I have this csv file "rfm_data.csv":
CustomerID PurchaseDate TransactionAmount ProductInformation
8814 11-04-23 943.31 Product C
2188 11-04-23 463.70 Product A
4608 11-04-23 80.28 Product A
2559 11-04-23 221.29 Product A
I read and transform data with this code:
data = pd.read_csv("rfm_data.csv")
data['PurchaseDate'] = pd.to_datetime(data['PurchaseDate'], format='%d-%m-%y')
data['Recency'] = (datetime.now().date() - data['PurchaseDate'].dt.date).dt.days
When I print (data) I get this error message:
AttributeError: Can only use .dt accessor with datetimelike values. Did you mean: 'at'?
If I delete the dt.day from the last line of code I got this result:
CustomerID PurchaseDate TransactionAmount ProductInformation Recency
8814 2023-04-11 943.31 Product C 140 days, 0:00:00
2188 2023-04-11 463.70 Product A 140 days, 0:00:00
4608 2023-04-11 80.28 Product A 140 days, 0:00:00
2559 2023-04-11 221.29 Product A 140 days, 0:00:00
But what I want in [Recency] is only the number of days to make further calculations.
Your problem lies in calling .dt.date
, which returns a vanilla Python date object column - that has no dt
accessor. Since your input only has dates, normalizing to the date is not needed. If you need to do it anyways (other use case maybe), use .dt.floor("d")
.
EX:
from io import StringIO
import pandas as pd
s = """CustomerID PurchaseDate TransactionAmount ProductInformation
8814 11-04-23 943.31 Product-C
2188 11-04-23 463.70 Product-A
4608 11-04-23 80.28 Product-A
2559 11-04-23 221.29 Product-A"""
data = pd.read_csv(StringIO(s), sep=" ")
data['PurchaseDate'] = pd.to_datetime(data['PurchaseDate'], format='%d-%m-%y')

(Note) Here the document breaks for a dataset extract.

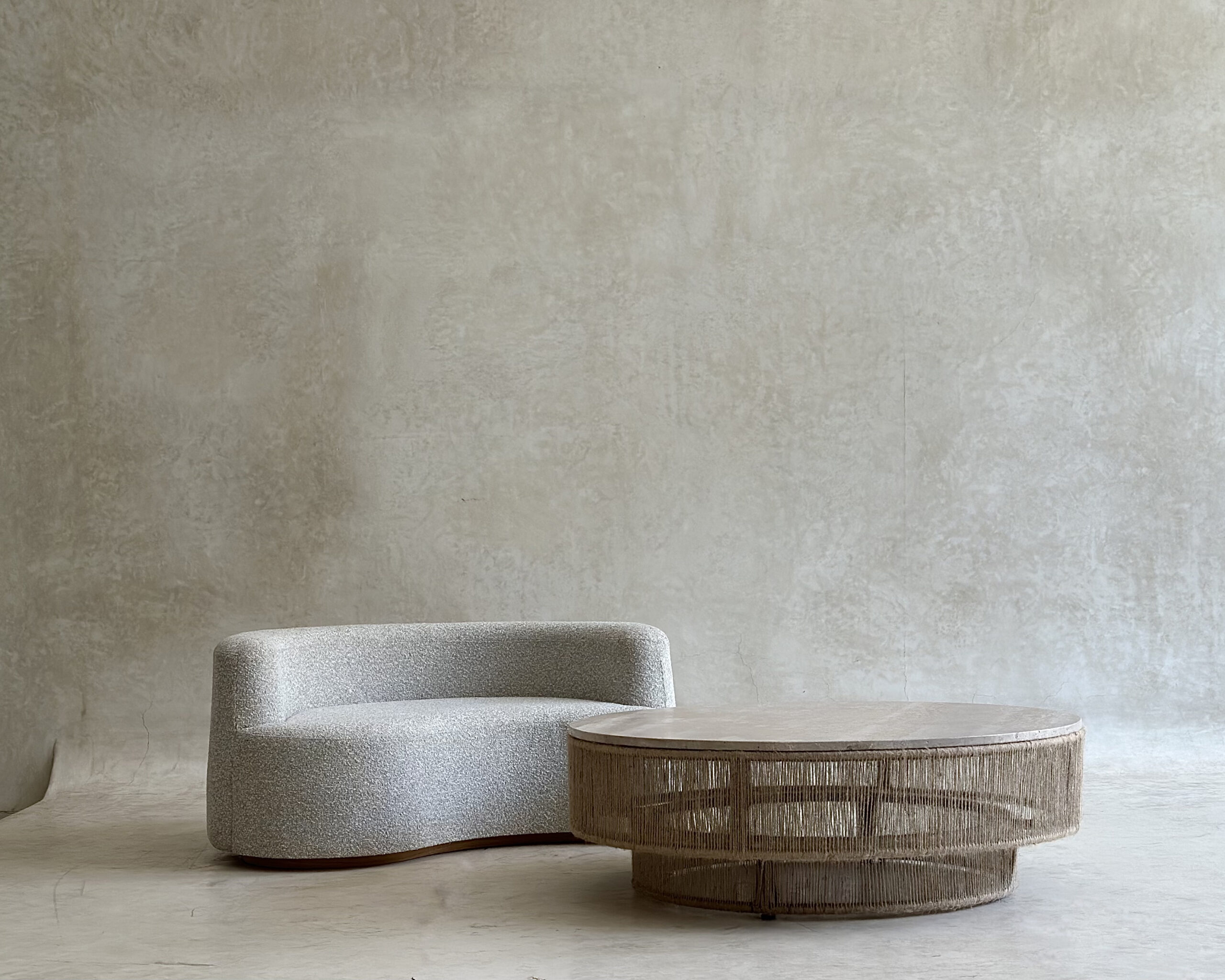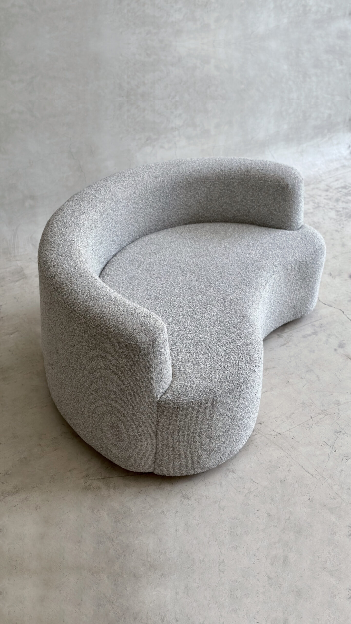 Ce fauteuil aux lignes courbes et organiques incarne l’élégance contemporaine dans sa forme la plus épurée. Sa silhouette enveloppante, entièrement revêtue d’un tissu texturé gris clair, crée une atmosphère douce et apaisante tout en offrant une assise généreuse et confortable.
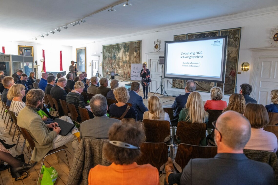 Glücksburg/Flensburg. Samarbejdet i den tysk-danske grænseregion må anses for at være eksemplarisk. I praksis har det dog gentagende vist sig, at grænsen også medfører begrænsninger. For at kunne tale med repræsentanter for institutioner, virksomheder, erhvervsfremmende selskaber og forvaltning om konkrete udfordringer og finde fremtidige pragmatiske løsninger i størst muligt omfang, har IHK Flensburg, Handwerkskammer Flensburg og Region Sønderjylland-Schleswig sammen valgt en ny tilgang med "Slotsdialogen”. Omkring 70 mennesker var mødt frem til premieren på slottet i Glücksburg i dag.

data['Recency'] = (pd.Timestamp("now").floor("d") - data['PurchaseDate']).dt.days
print(data)
CustomerID PurchaseDate TransactionAmount ProductInformation Recency
0 8814 2023-04-11 943.31 Product-C 140
1 2188 2023-04-11 463.70 Product-A 140
2 4608 2023-04-11 80.28 Product-A 140
3 2559 2023-04-11 221.29 Product-A 140
Note that you can also use pd.Timestamp("now").floor("d")
to get today's date, which makes the code a bit more clean since you use pandas exclusively.